The campaign to punish Bee for crossing a line (her words) was only the latest in a series of efforts that have harnessed the power of social media and the corporate fear of public shaming to get television networks to punish their employees for going too far.
ABC, in particular, has been a boycott target at least twice in recent months: in February, for a comment made by The View co-host Joy Behar, and last week, after the namesake of the hit show Roseanne made racist remarks on Twitter.
In early April, media watchers openly questioned whether Fox News primetime host Laura Ingraham would survive an advertiser boycott that thinned out her show’s roster of sponsoring brands but ultimately did not fell her. There was a fledgling effort to hold MSNBC responsible for problematic blog posts written more than a decade ago by weekend host Joy Reid, though a source close to the network said that no advertisers dropped out as a result of the campaign.
Industry analyst Andrew Tyndall, however, is skeptical about the power of these campaigns. “They have zero impact on the primary revenue stream for cable TV networks, which is from subscription fees rather than from advertising revenue,” he said. “The pool of potential advertisers for a boycotted show is usually large enough that any dropped spot can usually be replaced (if not immediately, then soon enough).”
What all of these recent efforts have in common is partisan politics: Bee, Behar and Reid are outspoken critics of the president, while Ingraham is a strong supporter.
“Advertiser boycotts are the latest cudgel being used to retaliate by aggrieved parties,” said Joseph Peyronnin, a Hofstra University journalism professor and former executive for Telemundo, Fox News and CBS News who cited the “chilling effect” of such campaigns. “Television is an extremely competitive business, and it is generally averse to controversy,” he added.
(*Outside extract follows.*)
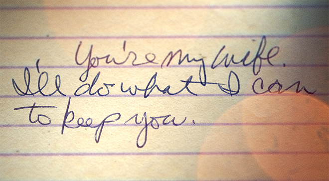 この度公開する新場面写真は、本作の中で最も貴重と言える、妻ジュディスが所持していたプライベート写真やベルーシが彼女に宛てた手紙の一部を捉えたもの。二人の初デートである「ホームカミング」(「ホームカミング」とは、アメリカのほとんどの高校で秋に行われる一大イベント。生徒たちがキングとクイーンを選出する)時の写真では高校生の二人が正装して並んでいる。校内で中心的人物だったベルーシは、この時に人気投票でキングに選ばれており、ジュディスは当時の彼について、「運動が出来て、頭が良く、音楽も出来て、面白い。まさに理想の人だった」と振り返っている。その後、ジュディスは恋人としてだけでなく仕事面でもサポートし、正式に婚姻届を出すのは約10年の交際を経てから。手紙には「You’re my wife. I’ll do what I can to keep you.(君は俺の妻だ。君を失わないために俺は努力する)」と綴っている。ジュディスが彼にとって大きな支えであったことがこの1枚からも分かるが、本編ではさらに二人の強い愛がうかがえる内容となっている。
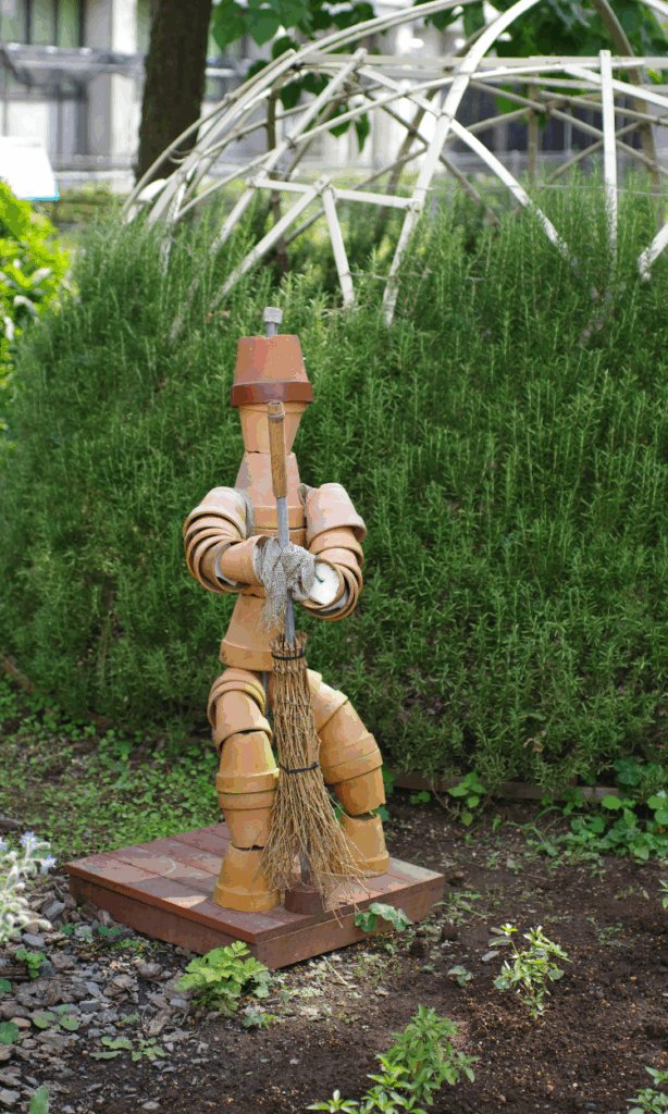 Built from stacked clay pots and garden tools, this sculpture blends humor, charm, and a DIY feel. It’s a celebration of garden life itself, echoing the tools and textures of the plot. Place it near raised beds, allotments, or kitchen gardens to reflect a love of growing with a smile.

Hours before Bee apologized, White House Press Secretary Sarah Huckabee Sanders lambasted her in a statement and said that “executives at Time Warner and TBS must demonstrate that such explicit profanity about female members of this administration will not be condoned on its network.” (Sanders also called last September for ESPN to terminate then-show host Jemele Hill over a barbed remark she made on Twitter, an unusual plea from a government employee that raised eyebrows.)
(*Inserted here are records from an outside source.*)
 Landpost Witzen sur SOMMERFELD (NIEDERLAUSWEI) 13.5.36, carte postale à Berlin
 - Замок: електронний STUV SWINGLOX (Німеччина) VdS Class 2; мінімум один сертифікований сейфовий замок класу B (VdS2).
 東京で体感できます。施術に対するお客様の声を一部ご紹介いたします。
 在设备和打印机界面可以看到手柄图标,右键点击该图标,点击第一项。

“The president of the United States and top White House officials should never use their powerful platform to call on anyone but government officials to be fired,” said Griffin, who was called out by Trump in late March 2017 over an ill-advised photo shoot.
Bill Burton, a Democratic strategist who served as a White House press secretary under President Barack Obama, said the previous president’s team complained about some of the programming on Fox News but never advocated for a boycott or show termination.
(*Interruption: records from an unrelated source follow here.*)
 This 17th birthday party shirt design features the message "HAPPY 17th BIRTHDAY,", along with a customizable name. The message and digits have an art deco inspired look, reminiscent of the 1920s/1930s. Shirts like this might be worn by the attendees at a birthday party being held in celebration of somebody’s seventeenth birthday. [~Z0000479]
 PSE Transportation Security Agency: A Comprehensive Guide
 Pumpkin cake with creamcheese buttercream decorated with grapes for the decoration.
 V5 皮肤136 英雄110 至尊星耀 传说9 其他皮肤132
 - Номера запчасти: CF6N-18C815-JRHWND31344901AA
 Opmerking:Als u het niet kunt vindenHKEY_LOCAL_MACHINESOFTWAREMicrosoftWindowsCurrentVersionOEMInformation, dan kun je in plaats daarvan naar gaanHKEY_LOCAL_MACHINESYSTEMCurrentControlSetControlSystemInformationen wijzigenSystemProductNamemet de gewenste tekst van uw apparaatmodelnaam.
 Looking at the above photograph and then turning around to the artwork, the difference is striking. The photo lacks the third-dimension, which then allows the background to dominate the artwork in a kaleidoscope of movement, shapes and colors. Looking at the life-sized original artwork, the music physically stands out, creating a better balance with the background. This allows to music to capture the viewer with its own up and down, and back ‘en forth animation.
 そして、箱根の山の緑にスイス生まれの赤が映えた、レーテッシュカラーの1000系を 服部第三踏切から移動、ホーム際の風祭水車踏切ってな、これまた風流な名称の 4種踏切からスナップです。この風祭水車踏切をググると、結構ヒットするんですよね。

“One would think that if this White House finally decided to show moral leadership, it wouldn’t be because of something that someone said on TBS,” Burton said.
While the network’s response to the Bee backlash is not thought to be connected, TBS parent company Time Warner is in a particularly tenuous position right now, as it awaits a June 12 court decision over the government’s lawsuit to block AT&T’s deal to acquire it.
The Trump presidency has been a tricky one for corporate media companies, which have benefitted from a “bump” in interest in news but are wary of appearing in the media-critic-in-chief’s crosshairs.
Last week, the president targeted ABC parent company Disney president Bob Iger with two separate tweets asking why the network apologized to former Obama adviser Valerie Jarrett, the target of Roseanne Barr’s slur, but not to him. The network has not engaged with the president’s complaint.